Akumulasi gas dan cairan dapat terjadi di bagian proksimal atau distal usus.
Apabila akumulasi terjadi di daerah distal mengakibatkan terjadinya peningkatan tekanan intra abdomen dan intra lumen. Hal ini dapat meningkatkan terjadinya peningkatan permeabilitas kapiler dan ekstravasasi air dan elektrolit di peritoneal.

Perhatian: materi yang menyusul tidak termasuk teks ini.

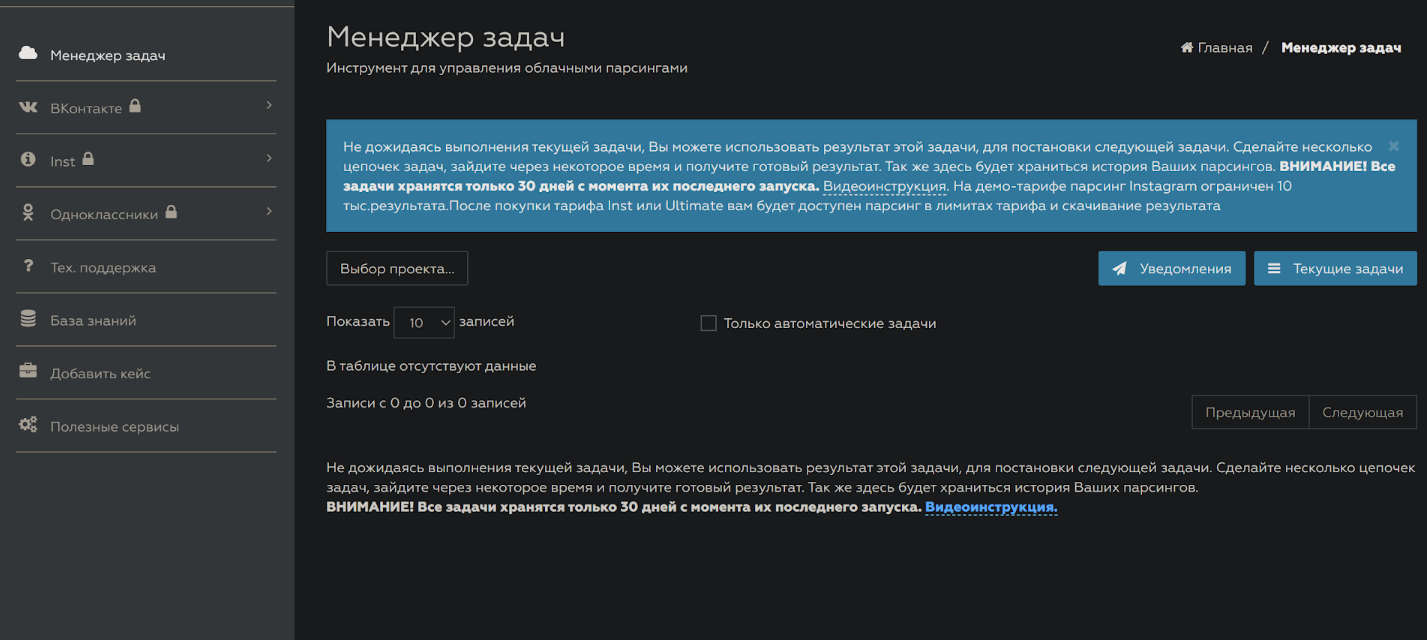 Сердце системы – это менеджер задач. Он находится в самом верху левого меню и обозначен иконкой облака. В отличие от десктопных аналогов, здесь можно запустить задачу и выключить компьютер, поскольку Segmento Target работает в облаке. Важно! При создании задачи, вы увидите поле «Название». Многие его пропускают, и зря. Через неделю работы в вашем аккаунте скопится десяток файлов по типу «Задача 1», «Задача 2» и «Задача 3». Разобраться в этом будет невозможно. Возьмите за правило называть процессы понятно: «Подписчики конкурентов_Январь» или «Активные мамы_Киев». В панели отображаются активные, завершенные и остановленные задачи, а также их статус. Дальше задаются параметры парсинга. Не выставляйте максимальные параметры. Эффективнее сразу ограничить аудиторию фильтрами, чем потом тратить часы на очистку мусора. После запуска задачи важно не просто дождаться её завершения, а проверить результат. Менеджер показывает объем собранной базы: если цифры подозрительно большие или слишком маленькие, это сигнал вернуться к настройкам и скорректировать критерии. Как парсить с Instagram Разберем процесс настройки на примере инструмента «Сбор подписчиков». Это базовый сценарий для работы с аудиторией конкурентов.

Dengan peningkatan permeabilitas dan ekstravasasi menimbulkan retensi cairan di usus dan rongga peritoneum mengakibatakan terjadi penurunan sirkulasi dan volume darah. Akumulasi gas dan cairan di bagian proksimal mengakibatkan kolapsnya usus sehingga terjadi distensi abdomen. Terjadi penekanan pada vena mesenterika yang mengakibatkan kegagalan oksigenasi dinding usus sehingga aliran darah ke usus menurun, terjadilah iskemi dan kemudian nekrotik usus. Pada usus yang mengalami nekrotik terjadi peningkatan permeabilitas kapiler dan pelepasan bakteri dan toksin sehingga terjadi perforasi. Dengan adanya perforais akan menyebabkan bakteri akan masuk ke dalam sirkulasi sehingga terjadi sepsis dan peritonitis.
Masalah lain yang timbul dari distensi abdomen adalah penurunan fungsi usus dan peningkatan sekresi sehingga terjadi peminbunan di intra lumen secara progresif yang akan menyebabkan terjadinya retrograde peristaltic sehingga terjadi kehilangan cairan dan elektrolit. Bila hal ini tidak ditangani dapat menyebabkan syok hipovolemik. Kehilangan cairan dan elektrolit yang berlebih berdampak pada penurunanan curah jantung sehingga darah yang dipompakan tidak dapat memenuhi kebutuhan seluruh tubuh sehingga terjadi gangguan perfusi jaringan pada otak, sel dan ginjal. Penurunan perfusi dalam sel menyebabkan terjadinya metabolisme anaerob yang akan meningkatkan asam laktat dan menyebabkan asidosis metabolic. Bila terjadi pada otak akan menyebabkan hipoksia jaringan otak, iskemik dan infark. Bila terjadi pada ginjal akan merangsang pertukaran natrium dan hydrogen di tubulus prksimal dan pelepasan aldosteron, merangsang sekresi hidrogen di nefron bagian distal sehingga terjadi peningaktan reabsorbsi HCO3- dan penurunan kemampuan ginjal untuk membuang HCO3. Hal ini akan menyebabkan terjadinya alkalosis metabolic. (Price &Wilson, 2007)
Pathway
6. Penatalaksanaan
Dasar pengobatan ileus obstruksi adalah koreksi keseimbangan elektrolit dan cairan, menghilangkan peregangan dan muntah dengan dekompresi, mengatasi peritonitis dan syok bila ada, dan menghilangkan obstruksi untuk memperbaiki kelangsungan dan fungsi usus kembali normal.
a. Resusitasi
Dalam resusitasi yang perlu diperhatikan adalah mengawasi tanda - tanda vital, dehidrasi dan syok. Pasien yang mengalami ileus obstruksi mengalami dehidrasi dan gangguan keseimbangan ektrolit sehingga perlu diberikan cairan intravena seperti ringer laktat. Respon terhadap terapi dapat dilihat dengan memonitor tanda - tanda vital dan jumlah urin yang keluar.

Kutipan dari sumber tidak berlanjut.